We consider here the simplest dynamic games of incomplete information: sender-receiver games. There are only two players: a Sender (S) and a Receiver (R). The Sender’s action will be to send a message, m, chosen from a message space M to the Receiver. The Receiver will observe this message m and respond to it by choosing an action a from his action space A.
To make this game a simple but nontrivial game of incomplete information we endow the Sender with some private information which we describe by her type. The Receiver has no private information, so he has but a single type, which we then have no need to mention further. The Receiver does have prior beliefs (i.e. prior to observing the Sender’s message) about the Sender’s type, which are described by the probability distribution over the Sender’s type space. After the Receiver takes an action a, each player is awarded a payoff which can in general depend on the message m the Sender sent, the action a the Receiver took in response, and the type which Nature chose for the Sender. We can express this game of incomplete information as an extensive-form game of imperfect information by explicitly representing Nature, who chooses a type for the Sender.

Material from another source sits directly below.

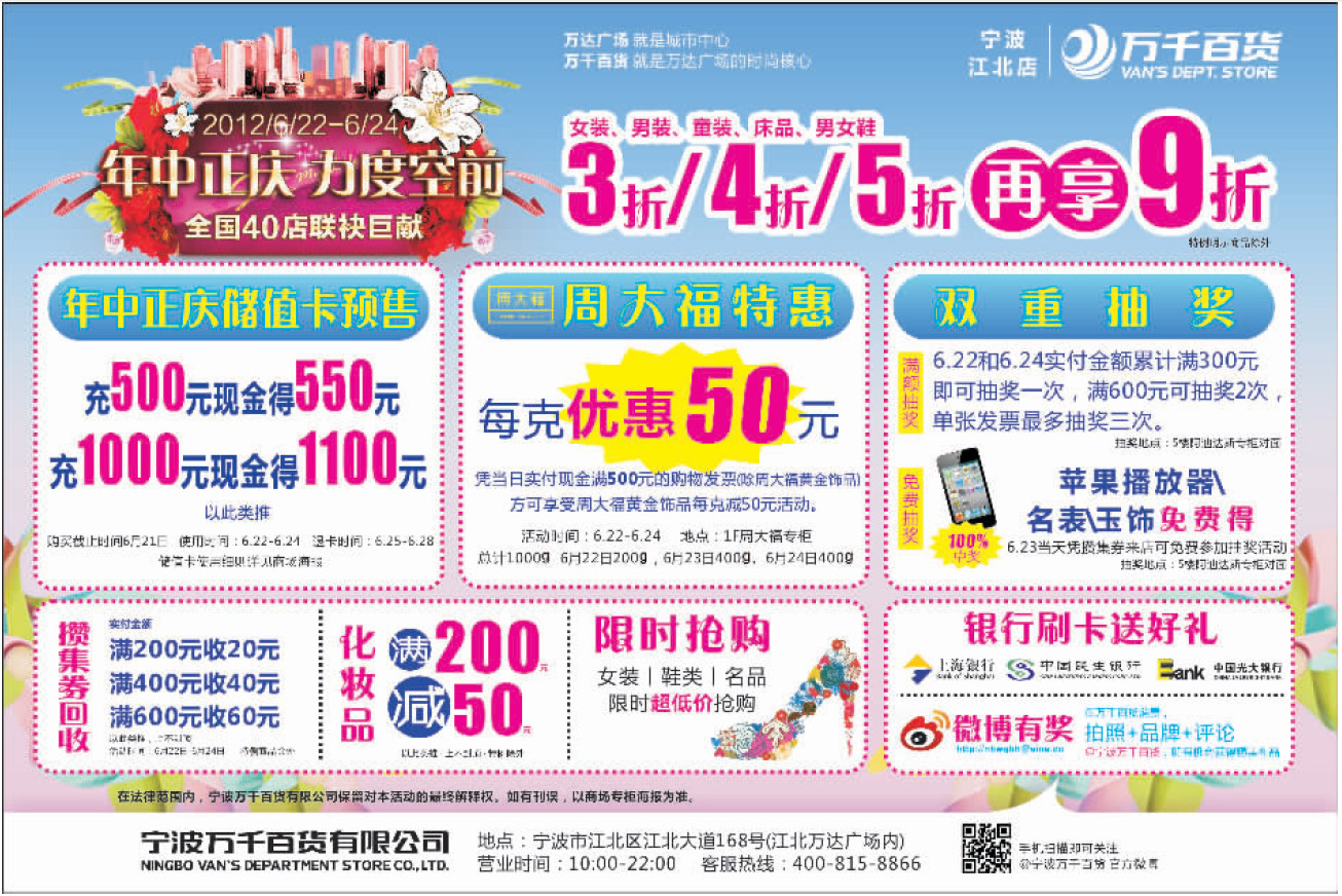 萬(wàn)千百貨6月22日-24日打折信息

A strategy for the Sender is a specification of a message (or distribution over messages) for each Sender type. A strategy for the Receiver is a pure or mixed action in response to each possible message in the message space. After observing the Sender’s message, the Receiver will update his beliefs about the type of the Sender, using Bayes’ Rule when possible.
A Bayesian equilibrium of the sender-receiver game is (a) a strategy for each type of Sender, (b) a strategy for the Receiver, and (c) a conditional posterior belief system describing the Receiver’s updated beliefs about the Sender’s type as a function of the observed message, which satisfies two optimality conditions and a Bayes-consistency condition. Each Sender type’s message must be optimal given the anticipated reaction by the Receiver. The Receiver’s strategy must choose, for each “on the path” message, an action that is optimal given the Receiver’s updated posterior beliefs about the Sender’s type. And the Receiver’s conditional posterior belief system must be consistent with Bayes’ Rule whenever possible (i.e., on the equilibrium path). Perfect Bayesian equilibrium strengthens the Receiver-optimality condition to apply to off-the-path messages as well.
An example sender-receiver game motivates the claim that Perfect Bayesian equilibria can still be undesirable. Two additional refinements are considered and applied to example games: The Test of Dominated Messages, and the Intuitive Criterion.